I don't actually think that's a good idea. It raises the relative cost of the engagement. Personally, I let the PCs rest whenever they want to, but I impose consequences for doing so. You gave the goblins 8 hours to raise an alarm, broker a treaty with some orcs, and woke up to find your Leomund's tiny hut surrounded by a warband, with the goblins knocking to ask for a parley. Or you short-rested, and I rolled a complication (your torches burn out, or the goblins raise an alarm, or the goblins find your party via your bloody footprints). Don't force failure - let it happen as a result of their choices. Even better, creating failure as a slowly-escalating set of consequences that gives the PCs a chance to escape.


When it happens in games I play we often joke that only the DM knows how many goblins there are in the cave so reducing their numbers slowly over time isn't really a strategy.
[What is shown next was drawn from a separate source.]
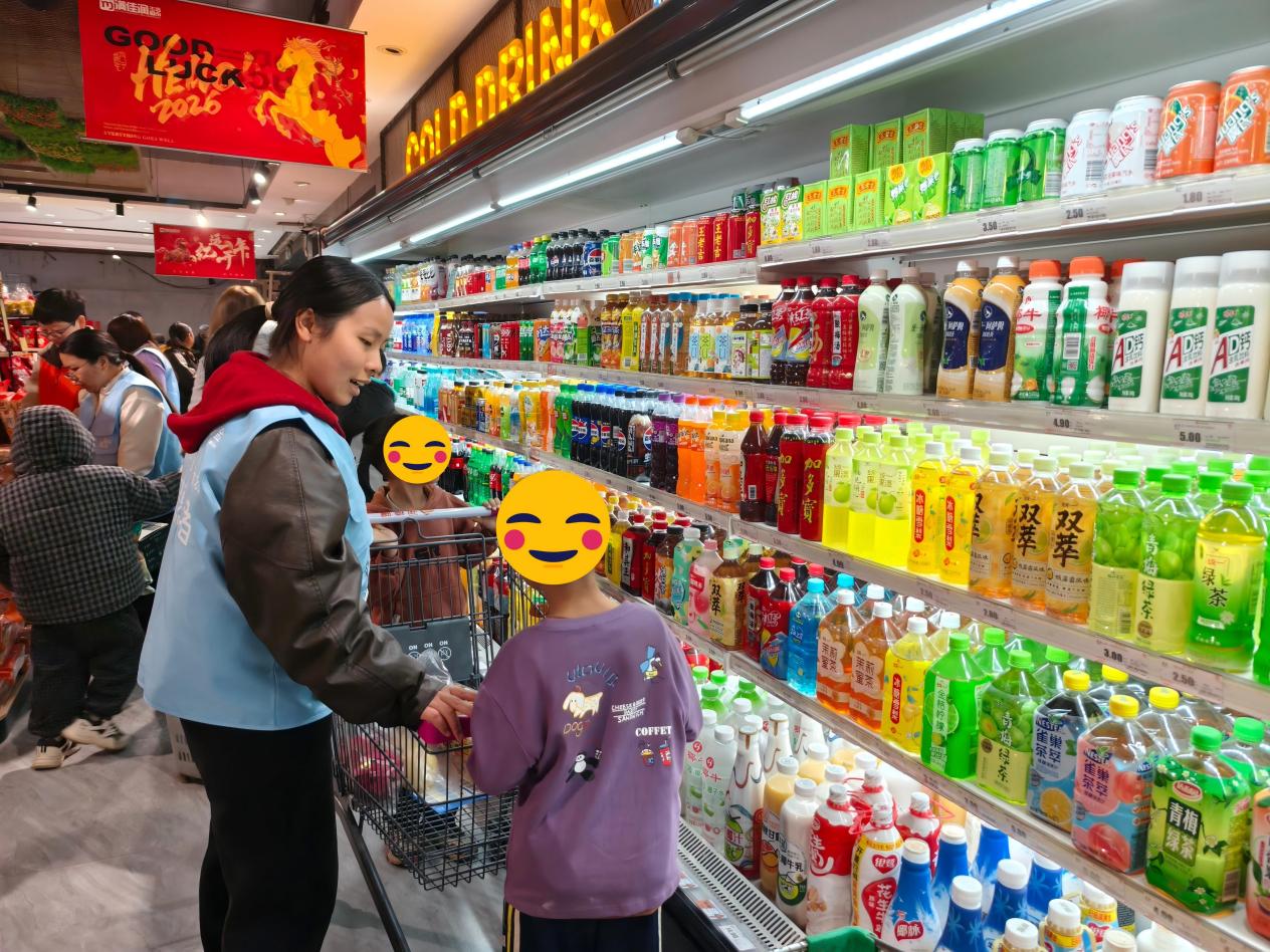 理论讲解结束后,爱心队伍带领孩子们前往超市开展实践活动,将健康理念转化为实际行动。过程中,志愿者们一对一陪伴在孩子身边,耐心询问孩子们的饮食喜好,结合此前普及的营养知识,引导他们自主挑选牛奶、鸡蛋、新鲜蔬果等健康食品,手把手教孩子们查看食品保质期、识别食品安全标识,在实践中加深对健康饮食的理解与记忆。孩子们手持挑选的食品,脸上洋溢着纯真的笑容,每一份精心挑选的食品,都承载着爱心人士的牵挂与关怀,也让孩子们在自主选择中感受到被尊重、被重视。

I use adversary rosters to keep track of every enemy on a given level; it lets me keep track of what resources are available to a given faction so that slowly whittling them down is a viable response.

MrStabby
2022-02-02, 03:09 AM
This hits on an interesting point, which is that the reaction should vary by table. That being said, I would still have the goblins react to the new party. That party should be accustomed to seeing monsters thinking, reacting, and playing it as smart as their INT score allows.


Although in the case of the Goblins, at a challenging table it wouldn't be the PCs walking into a goblin lair then retreating. The goblins would have seen them coming with patrols, they would have been tracking them with dogs and if they got close would probably be setting up a midnight attack so the first contact wouldn't even be initiated by the PCs.

It really depends how far you want to push it.

Demonslayer666
2022-02-02, 12:03 PM
I almost always let the players set the tempo, but there is usually something time sensitive going on where they should not long rest too frequently.

Plus long resting in a dungeon is very dangerous in my game, and in the wild is dangerous.

I also encourage my players to rely less on nova and more on unlimited abilities. This is difficult though, they treat every combat as deadly.